We can evaluate the agent's navigation performance on the test set and dev set with the following command:

python main.py --test True --dataset [DATASET] --img_feat_dir [IMG_DIR] --model [MODEL] --resume_from [PRETRAINED_MODEL] --resume [RESUME_OPTION] --CLS [True/False] --DTW [True/False]

The pre-trained models for VLN Transformer, RCONCAT and GA can be downloaded from here. Please place them in checkpoints/.
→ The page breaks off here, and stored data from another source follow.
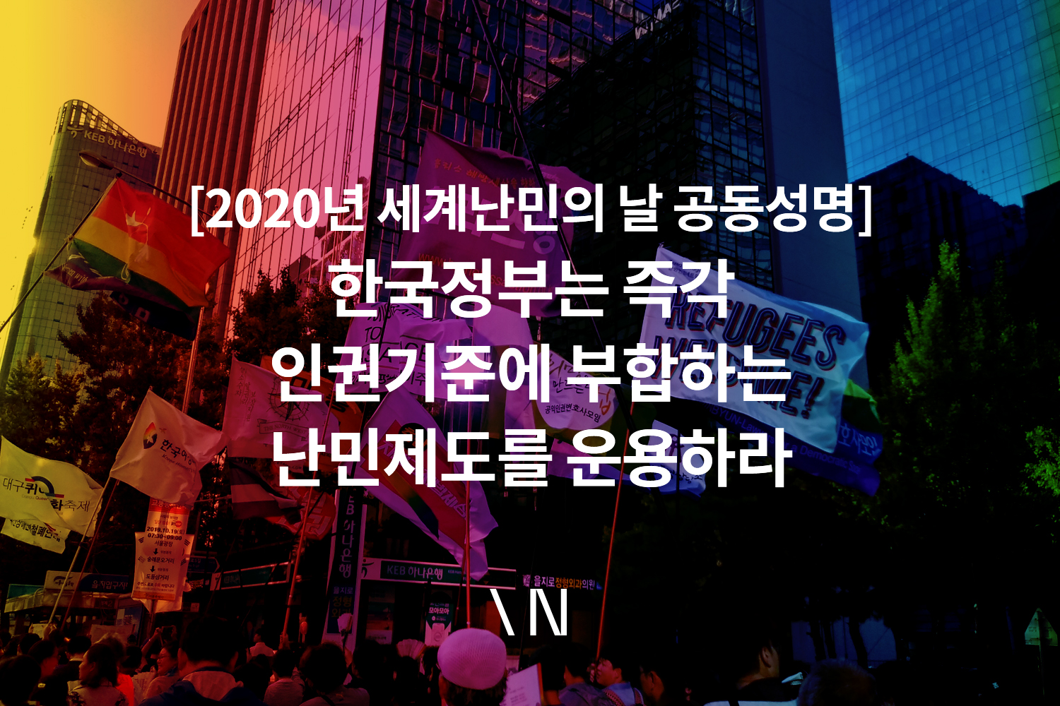 2020년은 대한민국이 난민법을 시행한지 7주년, 난민협약 및 의정서에 비준한지 28년째가 되는 해다. 제도를 시행한지 30년이 되어가고, 누적 난민신청 접수가 6만4천 건을 넘어가고 있음에도 여전히 인권침해가 끊이지 않고 있는 정부의 난민 제도 운용 방식을 강력히 규탄한다.
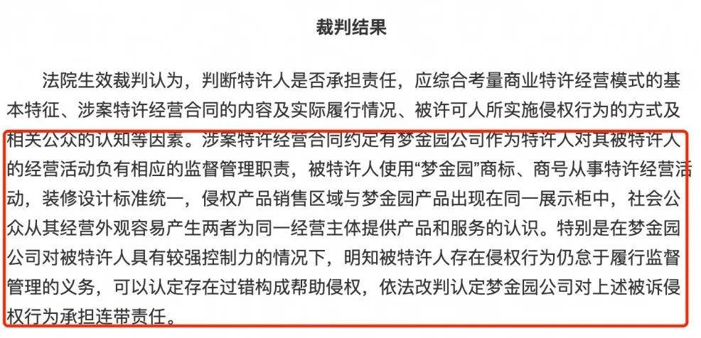 由此可見,夢金園對於加盟商的監督管理不足,間接造成了侵權案件的發生。
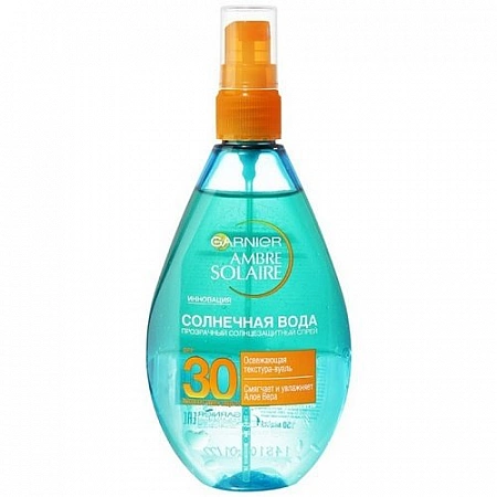 GARNIER Solar Water הוא ספריי השמש האולטימטיבי עם מרקם קליל ומרענן. טיפול פנים וגוף דו-פאזי עם אלוורה וויטמין E מגן מפני קרינת UVA/UVB, הופך את העור לרך יותר, מעניק לו לחות. מונע היווצרות כתמי גיל ושינויים הקשורים לגיל כתוצאה מחשיפה לשמש. התרסיס בעל מרקם קליל ולכן אינו גורם לעור להיות שומני, אינו נדבק, אינו משאיר סימנים לבנים ותחושת סרט לא נעימה. בביקורות ניתן לקרוא שהמוצר עושה את תפקידו העיקרי היטב, נעים למריחה, קל לשימוש, קל לריסוס, בעל ריח ניטרלי. אבל הוא משאיר כתמים על הבגדים, לכן חשוב להמתין זמן מה לאחר המריחה.
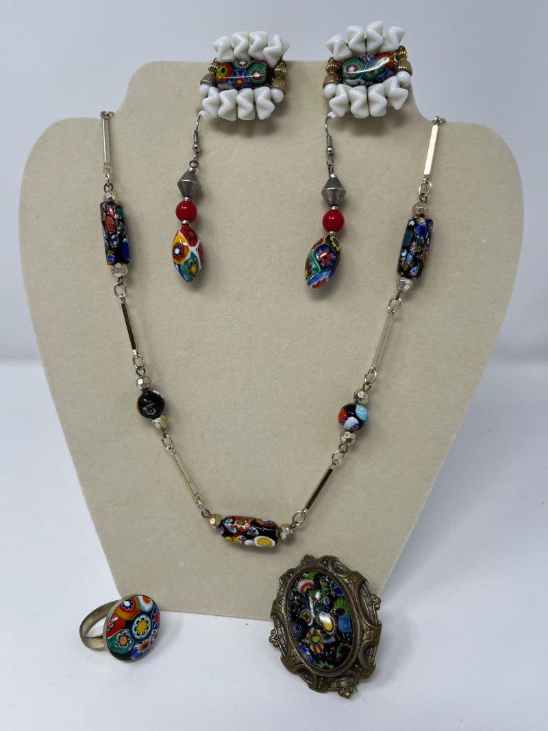 Lot # 68 - Murano Millefiori Jewelry Ensemble – Necklace, Earrings, Ring & Brooch
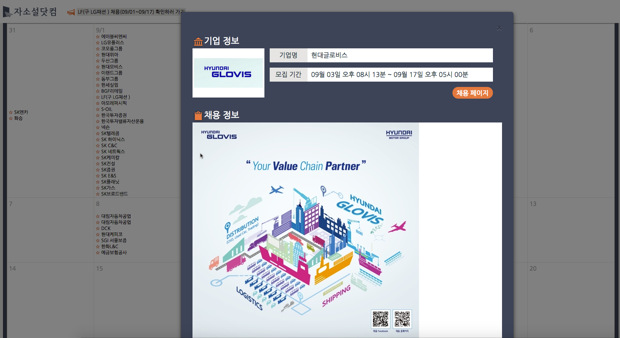 주요 기업의 채용 일정을 일목요연하게 볼 수 있습니다. 기업을 선택하면 모집 기간, 채용 페이지 이동, 자소서 바로 작성 기능이 있어 정말 편리하게 사용할 수 있습니다.
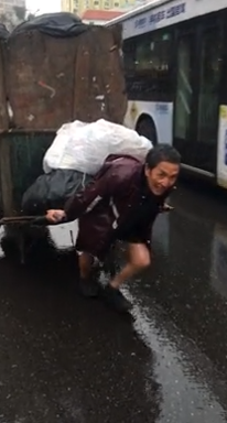 1、真相一:生活的重量,肉眼可见。 车上堆积如山的黑色塑料袋,装的或许是刚收来的废品,或许是赶着送去的小商品。每一个袋子,都是一个具体的生活目标,压弯了他的腰,却没能让他停下。他的“KPI”,写在每一滴砸在雨衣上的汗水里。
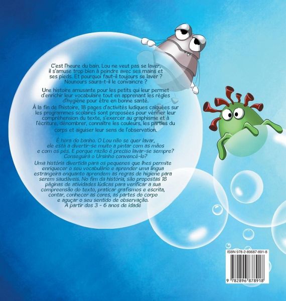 LIVRE BILINGUE FRANÇAIS - PORTUGAIS. Une histoire + un cahier d'activités bilingues en français - portugais. C'est l'heure du bain. Lou ne veut pas se laver, il s'amuse trop bien à peindre avec ses mains et ses pieds. Et pourquoi faut-il toujours se laver ? Nounours saura-t-il le convaincre ? Une histoire amusante pour les petits qui leur permet d'enrichir leur vocabulaire tout en apprenant les règles d'hygiène pour être en bonne santé. À la fin de l'histoire, 18 pages d'activités ludiques calquées sur les programmes scolaires sont proposées pour vérifier leur compréhension du texte, s'exercer au graphisme et à l'écriture, dénombrer, connaître les couleurs, les parties du corps et aiguiser leur sens de l'observation. De 3 à 6 ans. Uma história + um livro de actividades bilingue em francês - português. É hora do banho. O Lou não se quer lavar, ele está a divertir-se muito a pintar com as mãos e com os pés. E porque razão é preciso lavar-se sempre? Conseguirá o Ursinho convencê-lo? Uma história divertida para os pequenos que lhes permite enriquecer o seu vocabulário e aprender uma língua estrangeira enquanto aprendem as regras de higiene para serem saudáveis. No fim da história, são propostas 18 páginas de atividades lúdicas para verificar a sua compreensão do texto, praticar grafismos e escrita, contar, conhecer as cores, as partes do corpo e aguçar o seu sentido de observação. A partir dos 3 - 6 anos de idade
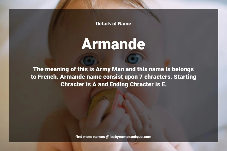 The name Armande is chosen by those who are willing to find Unique Transgenders Baby Names. The meaning of this is Army Man and this name is belongs to French Origin. Baby Name Armande consist upon 7 chracters. Starting alphabet is A and ending alphabet is E. This name is used primarily by parents who are considering unique baby names for Transgenders. The Zodiac Sign suitbale for this name are;
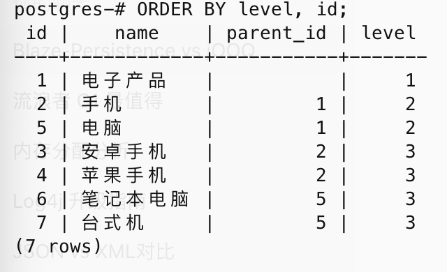 SELECT c.id, c.name, c.parent_id, t.level + 1
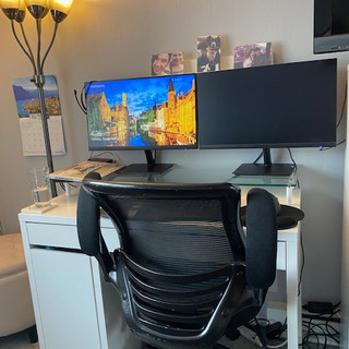 Building a comfortable workspace also contributes to a productive workday. Rather than being bothered by an uncomfortable workspace, an ergonomic setup helps instead focus on the work that needs to get done. The key items in my workspace are an ergonomic chair, a vertical mouse, and a monitor riser. Back in March, I was using a regular wooden, foldable chair that was originally used as part of my vanity station - it did not have the support my body needed throughout the workday. I soon switched to a basic office chair with cushions strapped to the seat and back of the chair for ergonomic comfort. However, it soon became uncomfortable and in the way. I finally decided to buy an ergonomic chair that not only makes me feel more “at work” but also makes for a more comfortable place to sit throughout the day.
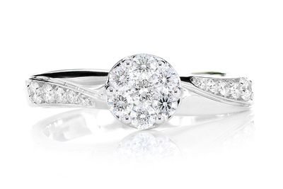 - This elegant diamond engagement ring features a dazzling round cluster of diamonds at the focal point, creating a brilliant and textured centerpiece.
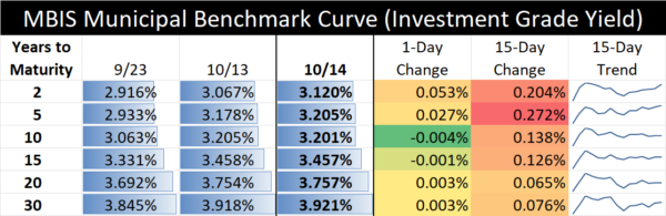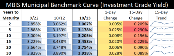 The interest rate table above illustrates recent changes in a sample of MBIS “investment grade” yields. Every issuer’s credit is different. For rates that may be applicable to your municipality, contact our Municipal Bond Advisors, Larry Kleeman and Beth Warren.
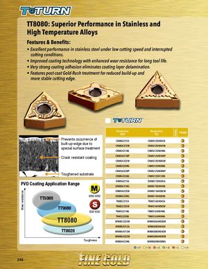 Wear resistance Grades TT8080: Superior Performance in Stainless and High Temperature Alloys Features & Benefits: • Excellent performance in stainless steel under low cutting speed and interrupted cutting conditions. • Improved coating technology with enhanced wear resistance for long tool life. • Very strong coating adhesion eliminates coating layer delamination. • Features post-coat Gold-Rush treatment for reduced build-up and more stable cutting edge. DesignationANSI DesignationISO TT8080 Prevents occurrence of CNMG431EA CNMG120404EA built-up-edge due to CNMG431EM CNMG120404EM special surface treatment CNMG431ML CNMG120404ML Crack resistant coating CNMG431MP CNMG120404MP CNMG432EM CNMG120408EM CNMG432ML CNMG120408ML CNMG432MP CNMG120408MP Toughened substrate CNMG433ML CNMG120412ML PVD Coating Application Range DNMG431EA DNMG150404EADNMG431MLDNMG150404ML DNMG432EM DNMG150408EM TT5080 M30-M50 DNMG432ML DNMG150408ML TNMG331EA TNMG160404EA TT9080 TNMG332EM TNMG160408EM S30-S50 TNMG331ML TNMG160404ML TNMG332ML TNMG160408ML TT8080 WNMG332EM WNMG060408EM WNMG431EA WNMG080404EA TT8020 WNMG431EM WNMG080404EM WNMG432EM WNMG080408EM Toughness WNMG432ML WNMG080408ML =P =M =K =N =S =H 244
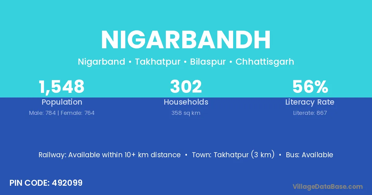 Takhatpur (3 km) is the nearest town to Nigarbandh village for major economic activities and is located approximately 3 km away.
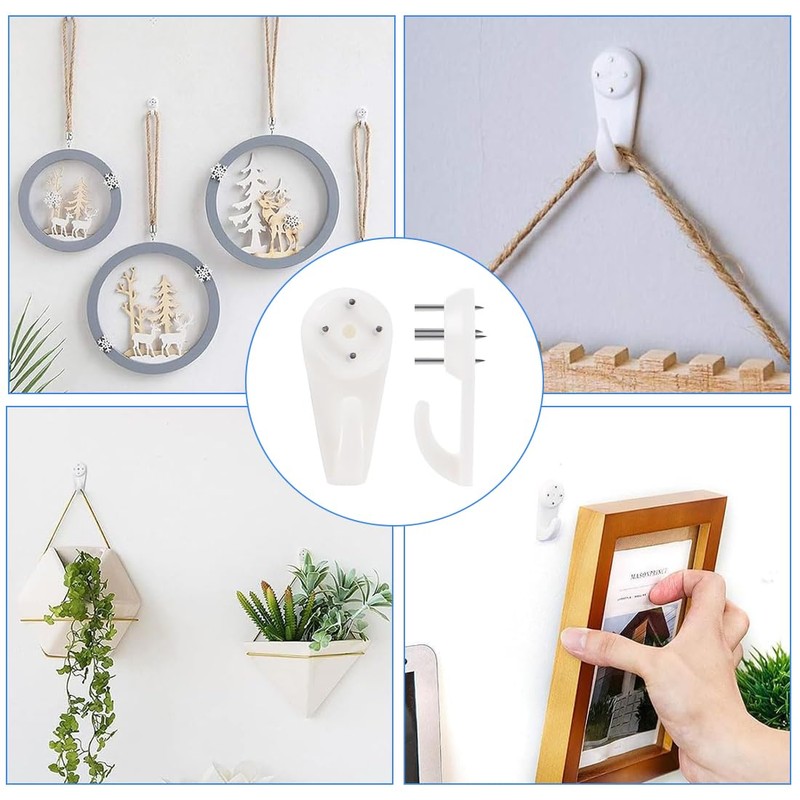 QJIBOVM 60pcs Non Trace Picture Hooks for Hard Wall Picture Hanging Kit for Picture Frame Fixing Picture Hanger Hook for Plasterboard Walls Drywall Concrete Wall
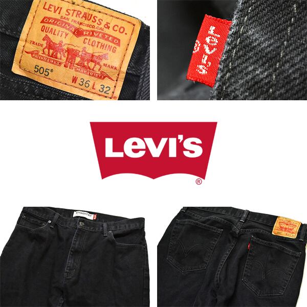 形: 505(ストレート)、 素材: 100%コットン、 色: 黒。
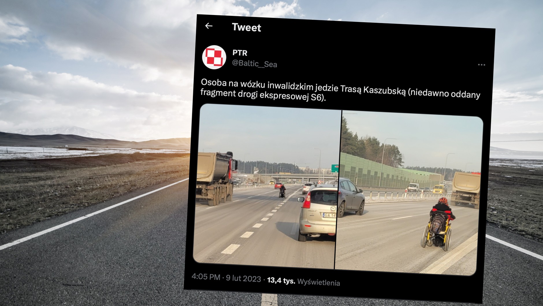 W drugiej połowie grudnia 2022 r. drogowcy oddali do użytku fragment drogi ekspresowej S6, tzw. Trasę Kaszubską. Nikomu chyba nie trzeba tłumaczyć, że droga ekspresowa pozwala rozwijać znacznie wyższą prędkość niż na lokalnych trasach, nie mówiąc już o miejskich ulicach. Tymczasem nowo oddanym do użytku fragmentem S6 poruszała się osoba na... wózku inwalidzkim.

To reproduce the results in our paper, please use the following commands:

CUDA_VISIBLE_DEVICES="0" python main.py --test True --dataset 'touchdown' --img_feat_dir [IMG_DIR] --model 'rconcat' --resume_from [PRETRAINED_MODEL] --resume 'TC_best' --CLS True --DTW True
CUDA_VISIBLE_DEVICES="1" python main.py --test True --dataset 'touchdown' --img_feat_dir [IMG_DIR] --model 'ga' --resume_from [PRETRAINED_MODEL] --resume 'TC_best' --CLS True --DTW True
CUDA_VISIBLE_DEVICES="2" python main.py --test True --dataset 'touchdown' --img_feat_dir [IMG_DIR] --model 'vlntrans' --batch_size 30 --resume_from [PRETRAINED_MODEL] --resume 'TC_best' --CLS True --DTW True
  • PRETRAINED_MODEL specified the pre-trained model
    • vanilla: Navigation agent trained on touchdown dataset without pre-training on auxiliary datasets.
    • finetuned_manh50: Pre-trained on manh50 dataset, and finetuned on touchdown dataset.
    • finetuned_mask: Pre-trained on manh50_mask dataset, and finetuned on touchdown dataset.

Citing our work

@misc{zhu2020multimodal,
    title={Multimodal Text Style Transfer for Outdoor Vision-and-Language Navigation},
    author={Wanrong Zhu and Xin Wang and Tsu-Jui Fu and An Yan and Pradyumna Narayana and Kazoo Sone and Sugato Basu and William Yang Wang},
    year={2020},
    eprint={2007.00229},
    archivePrefix={arXiv},
    primaryClass={cs.CL}
}

Acknowledgements

The code and data can't be built without streetlearn, speaker_follower, touchdown, and Texar. We also thank @Jiannan Xiang for his contribution in reproducing the Touchdown task.